The problem
Below are some records. Output the lines from the first one through the line that holds "coloured) case. (FEREX)", exactly as written, with no pictures.

Stored dataset items

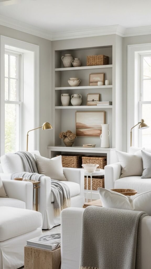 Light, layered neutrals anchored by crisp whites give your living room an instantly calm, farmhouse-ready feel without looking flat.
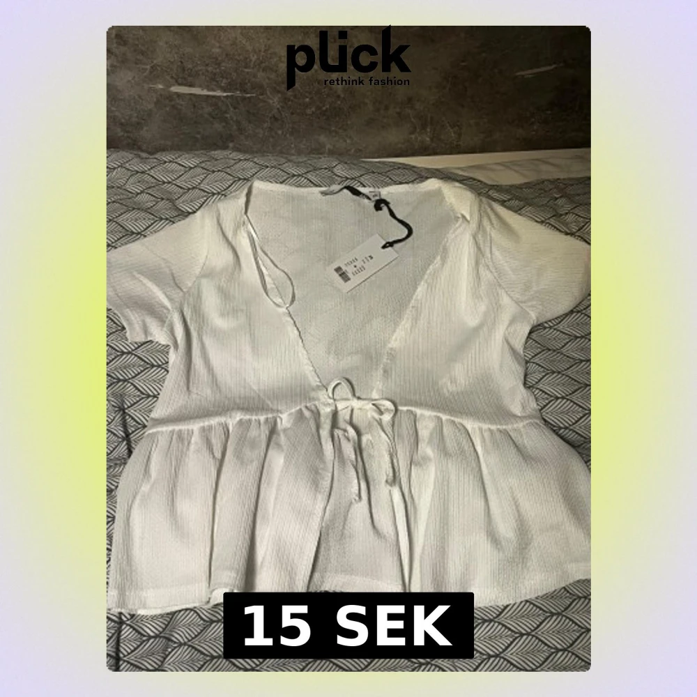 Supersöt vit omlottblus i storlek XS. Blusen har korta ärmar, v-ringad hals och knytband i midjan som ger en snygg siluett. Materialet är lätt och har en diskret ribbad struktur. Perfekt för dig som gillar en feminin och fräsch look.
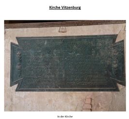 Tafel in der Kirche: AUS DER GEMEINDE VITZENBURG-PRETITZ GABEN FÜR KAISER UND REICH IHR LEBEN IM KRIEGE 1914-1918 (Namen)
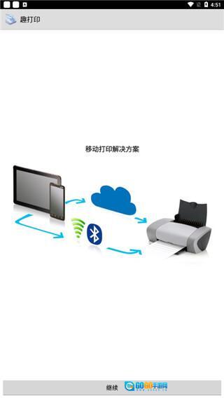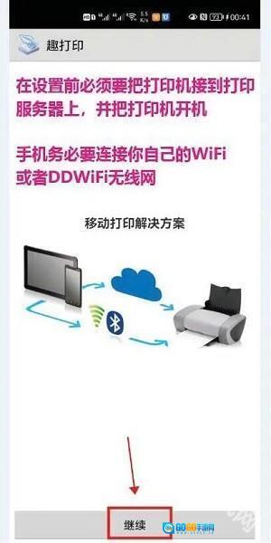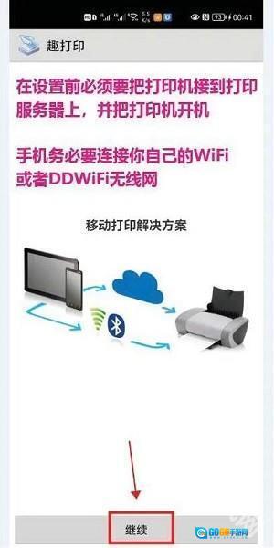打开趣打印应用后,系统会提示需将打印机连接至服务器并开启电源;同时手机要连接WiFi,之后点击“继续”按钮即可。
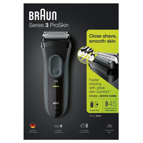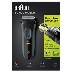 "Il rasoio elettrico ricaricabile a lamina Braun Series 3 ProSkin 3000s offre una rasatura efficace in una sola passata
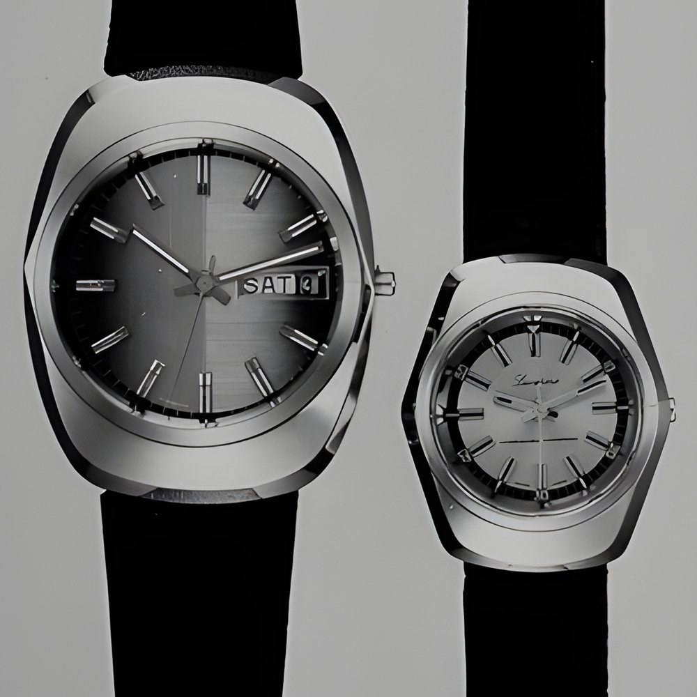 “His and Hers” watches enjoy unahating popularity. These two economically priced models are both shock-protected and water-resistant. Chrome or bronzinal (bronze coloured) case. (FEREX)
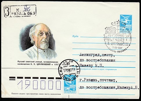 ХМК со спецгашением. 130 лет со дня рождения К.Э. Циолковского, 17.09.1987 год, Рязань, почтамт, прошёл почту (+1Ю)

Output
 Light, layered neutrals anchored by crisp whites give your living room an instantly calm, farmhouse-ready feel without looking flat.
 Supersöt vit omlottblus i storlek XS. Blusen har korta ärmar, v-ringad hals och knytband i midjan som ger en snygg siluett. Materialet är lätt och har en diskret ribbad struktur. Perfekt för dig som gillar en feminin och fräsch look.
 Tafel in der Kirche: AUS DER GEMEINDE VITZENBURG-PRETITZ GABEN FÜR KAISER UND REICH IHR LEBEN IM KRIEGE 1914-1918 (Namen)
打开趣打印应用后,系统会提示需将打印机连接至服务器并开启电源;同时手机要连接WiFi,之后点击“继续”按钮即可。
 "Il rasoio elettrico ricaricabile a lamina Braun Series 3 ProSkin 3000s offre una rasatura efficace in una sola passata
 “His and Hers” watches enjoy unahating popularity. These two economically priced models are both shock-protected and water-resistant. Chrome or bronzinal (bronze coloured) case. (FEREX)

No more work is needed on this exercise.